I’ve got a family, of course. So we spend a lot of time with them. And I like reading, I like going to the theatre. I’m very fond of the opera, which we’re very lucky indeed to have in Cardiff. At the school I went to you either played rugby or you played music. There was nothing else on offer. I was never likely to play much rugby myself, so I grew up through all the Welsh ways of county orchestras and youth orchestras, and all of that sort of thing.
NS: Do you sing?
MD: Yeah. I do, I never have time to do it now but yeah I did, a lot. Choirs and things like that.
NS: Can you translate any of your allotment tending lessons to government?
MD: I tend to go to the allotment to escape from government, rather than to ponder it, but I suppose there are lessons about patience. All politicians are impatient in a way, aren’t they. Most people that I know in politics, not everybody, but most people, and in other parties too, do come into it because they want to change the world in a way that they think would make it better for others. You know, you may profoundly disagree with the way they want to do it but that’s what brings them through the door. So we’re all impatient, we all want to get things done fast and the allotment teaches you that patience is a virtue in politics as well as in gardening.
NS: How do you think history will remember Carwyn Jones?
MD: I think history will be a lot kinder to him than the recent period has been, which has obviously been the hardest period in his first ministership. I think people, when the dust settles and people look back, they will remember him as the first minister who fought the second referendum we had in Wales [to give the Assembly more power in 2011] that was emphatically one that was in favour of law-making powers.
So I think he’ll be remembered definitely for that and I think he’ll be remembered, as I say when people are able to take a cooler look at it, as the person who demonstrated that the Assembly was competent and capable of exercising those powers, in a very typically Welsh sort of way.

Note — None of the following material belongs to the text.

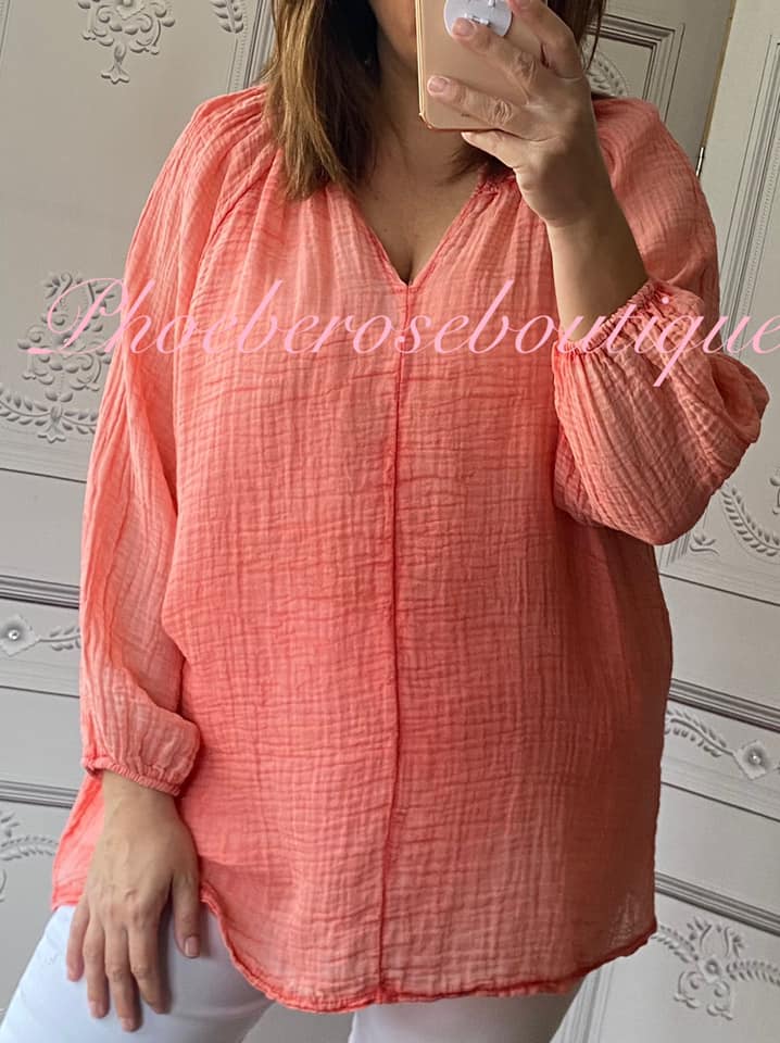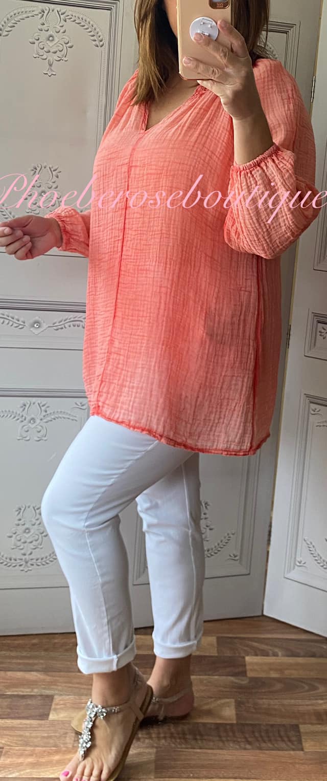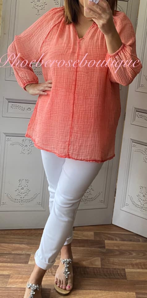 Cheesecloth Lightweight Ruched Neckline Top – Coral

Rhodri Morgan used to describe Welsh people as being pathologically modest. I thought it was a very nice phrase. It tells you something on both counts, doesn’t it.
NS: Would you say you are pathologically modest?
MD: Oh, I don’t know. You can’t be in politics in the end I think without having a certain core of self belief and a certain core of enough arrogance to get up and expect that people, or think that people might listen to what you have to say. So I don’t think I got it in the full Welsh sense.